As a result of our assessment, we recorded a full valuation allowance during the three months ended March 31, 2016. We will maintain a valuation allowance on our deferred tax assets until sufficient positive evidence exists to support its reversal. See Note 9 of the notes to our condensed consolidated financial statements within this Report on Form 10-Q for further discussion.

Transactions

On June 24, 2016, we entered into a Purchase Agreement with Coliseum Holdings I, LLC to sell 700,000 shares of Series A Preferred Stock for a total purchase price of $70.0 million. The proceeds from the offering are intended to be used to fund strategic long-term growth initiatives, including the expansion to new markets of campuses on a scale similar to our Long Beach, California and Dallas/Ft. Worth, Texas campuses and the creation of new programs in existing markets with under-utilized campus facilities. Additionally, we may use the proceeds to fund strategic acquisitions that complement our core business. See Note 11 of the notes to our condensed consolidated financial statements within this Report on Form 10-Q for further discussion.

29

Table of Contents

    
In February 2016, we made an investment in and entered into a licensing agreement with Pro-MECH, a company that provides comprehensive technician development programs and shop operations services. This investment, which included $0.7 million in cash as well as the conversion of a $0.3 million note receivable extended during the first quarter of 2016, resulted in our ownership of 25% of the outstanding equity interests of this company. See Note 7 of the notes to our condensed consolidated financial statements within this Report on Form 10-Q for further discussion.

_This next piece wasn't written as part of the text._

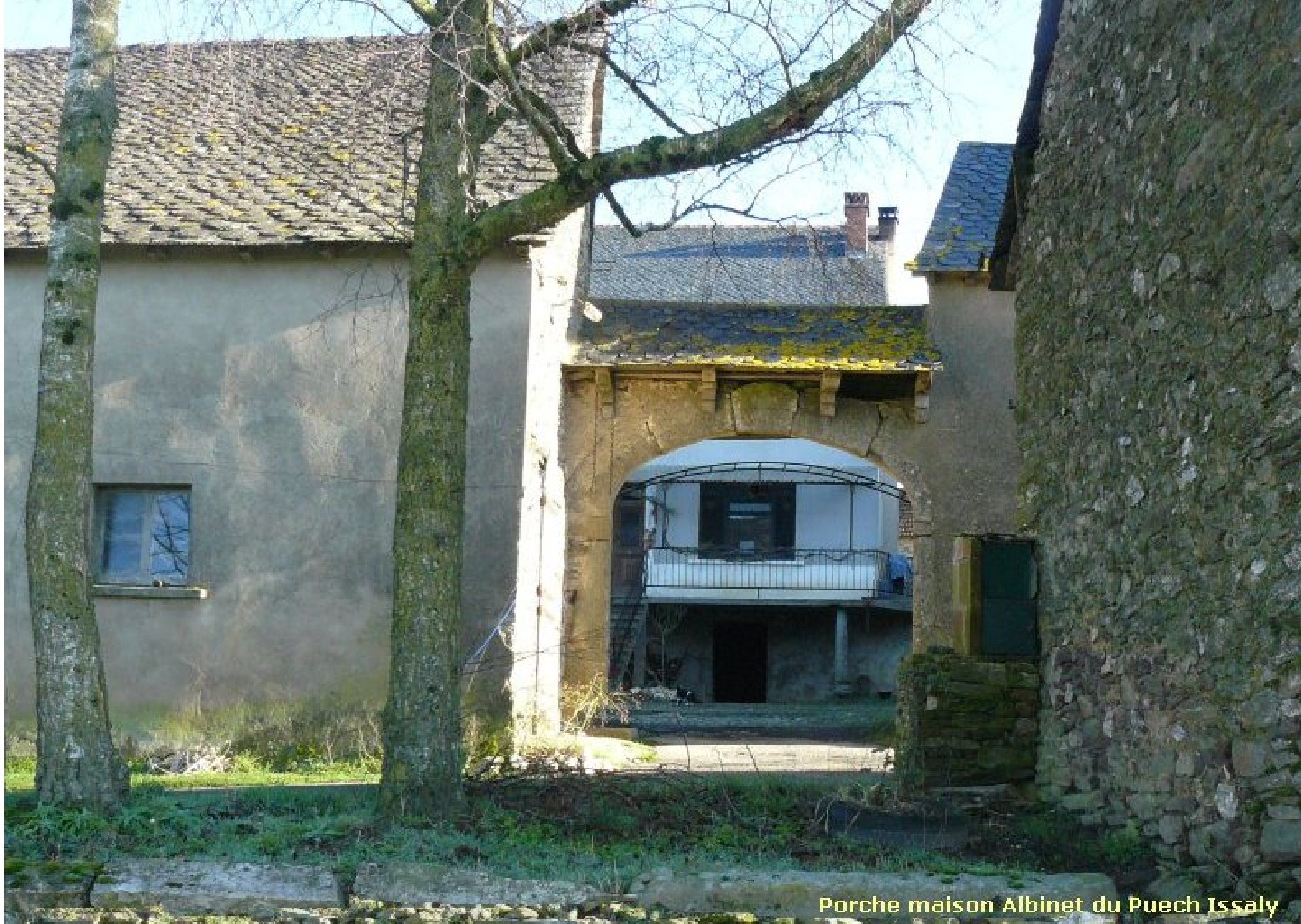
Porche maison Albinet du Puech Issaly

Also in February 2016, we acquired substantially all of the assets of BMS, a New York-based full production studio that offers a variety of services, including system architecture design, application and website development, interactive media development and digital technical training for diesel, medical and industrial equipment companies. The cash purchase price for this transaction was $1.5 million, and the acquisition includes potential contingent consideration payments in the future of up to $0.9 million. See Note 14 of the notes to our condensed consolidated financial statements within this Report on Form 10-Q for further discussion.

Industry Background

The market for qualified service technicians is large and growing. In the most recent data available, the United States Department of Labor (U.S. DOL) estimated that in 2014 there were approximately 739,900 employed automotive technicians in the United States, and this number was expected to increase by 5.3% from 2014 to 2024. Other 2014 estimates provided by the U.S. DOL indicate that the number of technicians in the other industries we serve, including diesel, collision, motorcycle and marine repair, are expected to increase by 12.0%, 9.2%, 5.9% and 2.7%, respectively. The need for technicians is due to a variety of factors, including technological advancement in the industries into which our graduates enter, a continued increase in the number of automobiles, trucks, motorcycles and boats in service, the increasing lifespan of late-model automobiles and light trucks and an aging workforce that has begun to retire. As a result of these factors, the U.S. DOL estimates that an average of approximately 37,200 new job openings will exist annually for new entrants from 2014 to 2024 in the fields that we serve, according to data collected. In addition to the increase in demand for newly qualified technicians, manufacturers, dealer networks, transportation companies and governmental entities with large fleets are outsourcing their training functions, seeking preferred education providers who can offer high quality curricula and have a national presence to meet the employment and advanced training needs of their national dealer networks.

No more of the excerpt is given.